We get a division by zero error, because for some days at the beginning of the range, there was no confirmed case, hence $\Delta n=\sqrt{n}=0$. To fix this, we set the uncertainty to 1 for these days, which is more or less correct in the context of this problem... again I won't get into details, this is actually a rather philosophical question.

And we redo the fit, comparing with the previous one:

In [12]:
dn[dn==0] = 1
# with uncertainties
pars, cov = curve_fit(expo, xp, yp, sigma=dn) 
f2 = expo(linx, *pars)
# lin scale
plt.errorbar(xp, yp, yerr=dn, ecolor='red', marker='o')
plt.plot(linx, f, color='red', label='$\Delta N=1$')
plt.plot(linx, f2, color='blue', label='$\Delta N = \sqrt{N}$')
plt.xlim(20, linx[-1])
# log scale 
plt.errorbar(xp, yp, yerr=dn, ecolor='red', marker='o')
plt.plot(linx, f, color='red')
plt.plot(linx, f2, color='blue')
plt.ylim(1, 10000)
plt.xlim(20, linx[-1])

Since the weight of the different points has changed, the fit converges to different parameters.

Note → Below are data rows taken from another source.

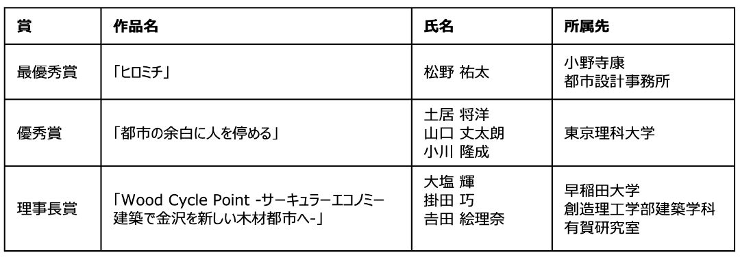 古くからのものと新たなものが在りつつ、どちらの魅力も損なうことなく共存している金沢のまちに魅力を感じ、本コンペティションに応募しました。理事長賞に選出していただきありがとうございます。ただ新しいものを入れるだけではなく、昔からのものを継承していけるような都市や建築をこれからも考えていきたいです。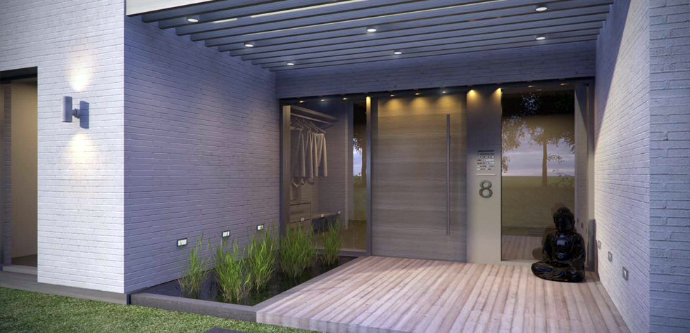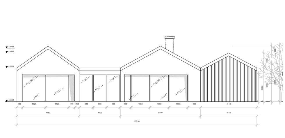 The bungalow is constructed in brick shear walls and a double hump pitched concrete roof with double standing seams zinc cladding. The grey Passo FK 590mm x 40mm long format facade clinker enhances the horizontality of the envelop. Silver grey aluminum louvers provide shade in the loggia. The hidden drain along with the sharp edge, expresses a very strong sculptural form.
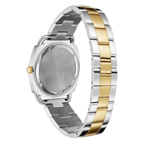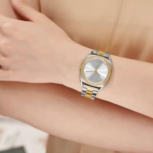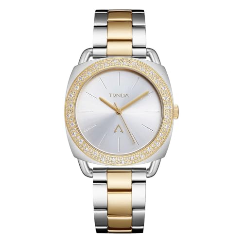 TRNDA - ساعة للنساء من ترندا، بهيكل فضي من الفولاذ المقاوم للصدأ وسوار ذهبي فضي من الفولاذ المقاوم للصدأ

And it matters a lot when you look at the difference in prediction between the two models.

But the statistical uncertainties do not matter only for the central value: the more uncertainty on each data point, the more uncertainty on the model parameters, and the larger the uncertainty band around the central value.

The covariance matrix

We have seen that the fit returns two objects, pars and cov:

In [13]:
pars, cov = curve_fit(expo, xp, yp, sigma=dn) 
[ 0.29760344 22.8315399 ]
[[6.38094844e-05 4.99227264e-03]
 [4.99227264e-03 3.99173828e-01]]

pars contains the optimal values $a_0$ and $b_0$ as estimated from the fit, and we already used these parameters to compute and display the central value for the fitted model.

cov is the covariance matrix, and we're now going to discuss it.

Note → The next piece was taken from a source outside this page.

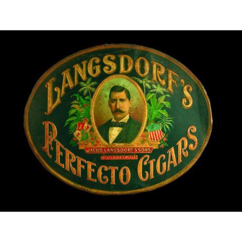 Langsdofs Perfecto Cigars Self Framed Tin Sign, dents on the edges and rust throughout fair condition, 20 x 16 inches.

The fit is a minimization process. A cost function is minimized as a function of $a$ and $b$ and, when the minimum is reached, the corresponding (optimal) values for $a_0$ and $b_0$, are returned.

The covariance matrix is related to the shape of the cost function in the vicinity of the minimum.

Here is what the profile of the cost function looks like as a function of $a$ and $b$.

In [19]:
from scipy.stats import multivariate_normal
from mpl_toolkits import mplot3d
import math
a0, b0 = pars
siga, sigb = np.sqrt(np.diag(cov))
linx = np.linspace(a0-3*siga, a0+3*siga, 201)
liny = np.linspace(b0-3*sigb, b0+3*sigb, 201)
x,y = np.meshgrid(linx,liny)
cost = - multivariate_normal.pdf(np.dstack([x,y]), 
plt.contour(x,y,cost, zorder=0)
plt.scatter(a0, b0, marker='o', color='black', 
            s=100, zorder=2)
plt.scatter(a0+siga,b0+sigb, marker='o', color='red', 
            s=100, zorder=2)
plt.axvline(a0-siga, zorder=1)
plt.axvline(a0+siga, zorder=1)
plt.axhline(b0-sigb, zorder=1)
plt.axhline(b0+sigb, zorder=1)
Text(0, 0.5, 'b')

The diagonal terms in the covariance matrix are the variances of $a$ and $b$. If we take the square root of these terms, we get the uncertainties on the $a$ and $b$ parameters, $\sigma_a$ and $\sigma_b$, as estimated by the fit from the shape of the cost function profile.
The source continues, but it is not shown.